Во второй половине дня виноград стал бродить.
Разумеется, не снаружи. Понятно где. И понятно в ком.
Иван Гюнтерович, крыша наша деревенская, специально первую делянку нам нарезал прямо около густой лесополосы из елей. Там мы после обеда и зависали... грустными орлами. Потом возвращались на шпалеры и... продолжали обреченно употреблять ненавистный продукт. Дегустация не прерывалась! И сам процесс по сбору урожая тоже — норму качали только в путь. С каждого по тридцать ящиков.
Файсулаки с самого утра естественным порядком, то бишь, самовыдвиженцем, заделался учетчиком — торчал с озабоченным видом у главного контейнера, да точками на клочке бумаги обозначал персональные достижения каждого.
И по своему развлекался как мог:
— Не понял! А почему в этом ящике так мало?
— Где мало? Нормально!
— Мало говорю! Еще три грозди сюда влезут.
— Куда влезут? Давить придется!
— Ты больной? В один контейнер все сваливаем. Дави, если надо. А недовес не приму! Свободен. Эй, ты, а ну стой! А у тебя чего ящик поломанный?
— Ногой наступил...
— Лучше бы ты на голову себе наступил. Все, высчитываю порчу. Минус тебе!
— Запихай этот минус себе в...
— Поговори мне, душара. Одну точку зачеркиваю за сломанный инвентарь. Не задерживай!
Да он Король маркетинга! Причем, судя по фамилии — наверняка с эллинскими корнями. Преемник Гермеса, бога хитрости и торговли. По-моему, это призвание.
А ко мне тоже доколупается?
— Полковник Караваев прибыл!
— Староста? О-кей. У тебя точек меньше всех, староста! Ты там что, сачка давишь в кустах? Не стыдно?
— Не стыдно. Точек меньше, а ящиков больше. Я их просто не сдавал как все по одному, сдам в конце разом. Они все там на меже. И уже больше нормы, между прочим.
— А кто так разрешал?
— А кто так запрещал?
— Э-э... так ящиков же... может не хватить!
— Не хватило? — я скептически разглядывал гору пустой тары около контейнера.

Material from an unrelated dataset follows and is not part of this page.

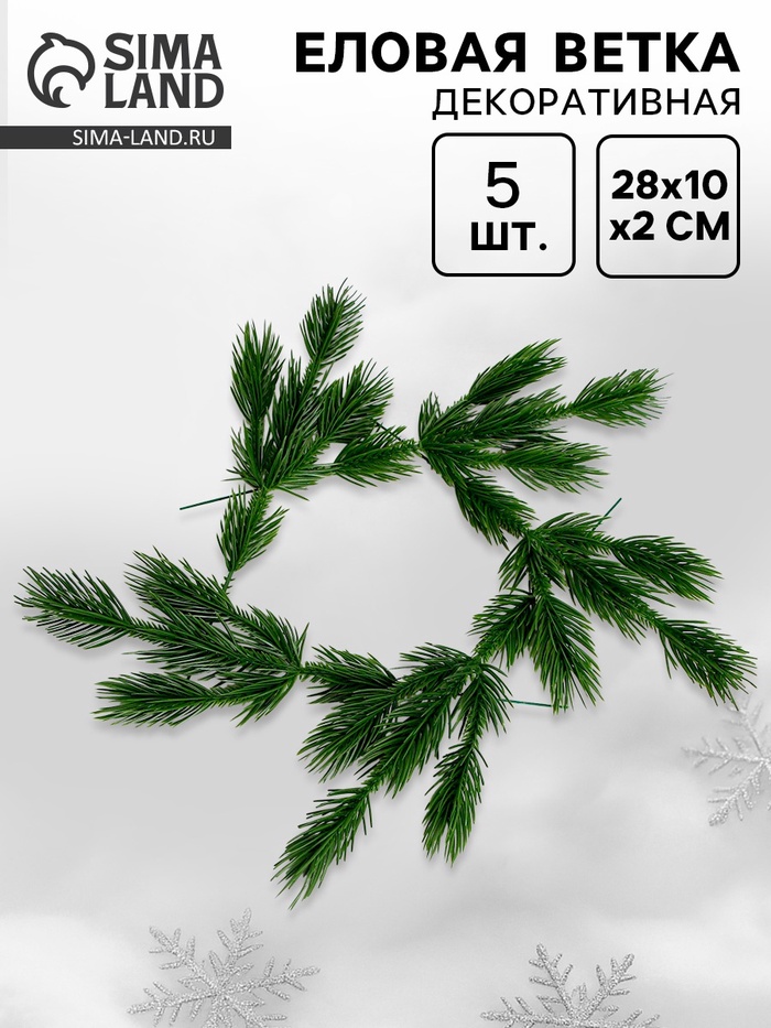 Ветка декоративная новогодняя, набор 5 шт., размер 1 шт. — 28×10×3 см

— Э-э... а ты чего виноград теряешь? — оперативно переключился Жорик с меня на другую, более беззащитную жертву. — Не свое, не жалко?
Хрупкая девчонка уже роняла в изнеможении тяжелый ящик, когда я своевременно, подскочив, перехватил ее ношу.
-...пасиб... — шепнула она еле слышно.
Я молча кивнул в ответ, вываливая содержимое в контейнер.
— Так... как тебя там... Швецова? Девять? У тебя только девять ящиков? Чего так мало? Мы снимаемся уже через час! Ты чего думаешь?
— У меня еще... там.
— Ты что, тоже пустые ящики тырила?
— Да. Взяла.
Без позы, без вызова — просто констатация. Я даже залюбовался.
— Еще раз возьмешь...
— И что ты сделаешь? — живо заинтересовался я. — Побьешь? Или поможешь донести? А?
Файсулаки злобно зыркнул в мою сторону.
— Посмотрите тогда у меня.
— Сам у себя посмотришь! Пойдем, помогу сдать твою работу, — чуть грубовато, чем требуется предложил я девчонке.
— Я сама.
Мелкая, а упрямая!
И, кстати, а почему я ее не помню?
Когда до меня дошла суть этого вопроса, я аж ходить разучился — встал как вкопанный, вытаращив на девчонку глаза. Темные кудряшки, серо-зеленые глаза, пухлые губы и еле заметные конопушки на носу — дите дитем! Хотя с формами все в порядке, этого не отнять. Вполне сформировавшаяся по нашим южным меркам девушка. Фигуристая на загляденье, только очень изящная.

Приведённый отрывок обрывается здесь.